Metadata-Version: 2.1
Name: airllm
Version: 0.9.2
Summary: AirLLM allows single 4GB GPU card to run 70B large language models without quantization, distillation or pruning.
Home-page: https://github.com/lyogavin/Anima/tree/main/air_llm
Author: Gavin Li
Author-email: gavinli@animaai.cloud
Classifier: Programming Language :: Python :: 3
Classifier: License :: OSI Approved :: MIT License
Classifier: Operating System :: OS Independent
Description-Content-Type: text/markdown
License-File: LICENSE
Requires-Dist: tqdm
Requires-Dist: torch
Requires-Dist: transformers
Requires-Dist: accelerate
Requires-Dist: safetensors
Requires-Dist: optimum
Requires-Dist: huggingface-hub

AirLLM optimizes inference memory usage, allowing 70B large language models to run inference on a single 4GB GPU card. No quantization, distillation, pruning or other model compression techniques that would result in degraded model performance are needed.
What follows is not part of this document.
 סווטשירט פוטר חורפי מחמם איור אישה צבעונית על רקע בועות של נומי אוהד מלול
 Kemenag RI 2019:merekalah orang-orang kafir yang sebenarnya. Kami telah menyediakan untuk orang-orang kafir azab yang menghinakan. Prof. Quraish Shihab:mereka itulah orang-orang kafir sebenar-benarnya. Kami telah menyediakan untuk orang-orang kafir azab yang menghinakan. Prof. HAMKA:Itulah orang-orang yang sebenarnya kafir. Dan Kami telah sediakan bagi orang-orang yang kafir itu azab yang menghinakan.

AirLLM优化inference内存，4GB单卡GPU可以运行70B大语言模型推理。不需要任何损失模型性能的量化和蒸馏，剪枝等模型压缩。


## Quickstart 如何使用？

### install package 安装

First, install airllm pip package.

首先安装airllm包。

```bash
pip install airllm
```

如果找不到package，可能是因为默认的镜像问题。可以尝试制定原始镜像：
```bash
pip install -i https://pypi.org/simple/ airllm
```

### Inference 推理

Then, initialize AirLLMLlama2, pass in the huggingface repo ID of the model being used, or the local path, and inference can be performed similar to a regular transformer model.
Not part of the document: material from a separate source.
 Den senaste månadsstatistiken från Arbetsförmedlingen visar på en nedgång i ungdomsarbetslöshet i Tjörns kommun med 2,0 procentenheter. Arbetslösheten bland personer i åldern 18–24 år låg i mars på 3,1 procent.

然后，初始化AirLLMLlama2，传入所使用模型的huggingface repo ID，或者本地路径即可类似于普通的transformer模型进行推理。

```python
from airllm import AirLLMLlama2

MAX_LENGTH = 128
# could use hugging face model repo id:
model = AirLLMLlama2("garage-bAInd/Platypus2-70B-instruct")

# or use model's local path...
#model = AirLLMLlama2("/home/ubuntu/.cache/huggingface/hub/models--garage-bAInd--Platypus2-70B-instruct/snapshots/b585e74bcaae02e52665d9ac6d23f4d0dbc81a0f")

input_text = [
        'What is the capital of United States?',
        #'I like',
    ]

input_tokens = model.tokenizer(input_text,
    return_tensors="pt", 
    return_attention_mask=False, 
    truncation=True, 
    max_length=MAX_LENGTH, 
    padding=True)
           
generation_output = model.generate(
    input_tokens['input_ids'].cuda(), 
    max_new_tokens=2,
    use_cache=True,
    return_dict_in_generate=True)

output = model.tokenizer.decode(generation_output.sequences[0])

print(output)

```
 
 
Note: During inference, the original model will first be decomposed and saved layer-wise. Please ensure there is sufficient disk space in the huggingface cache directory.
 
注意：推理过程会首先将原始模型按层分拆，转存。请保证huggingface cache目录有足够的磁盘空间。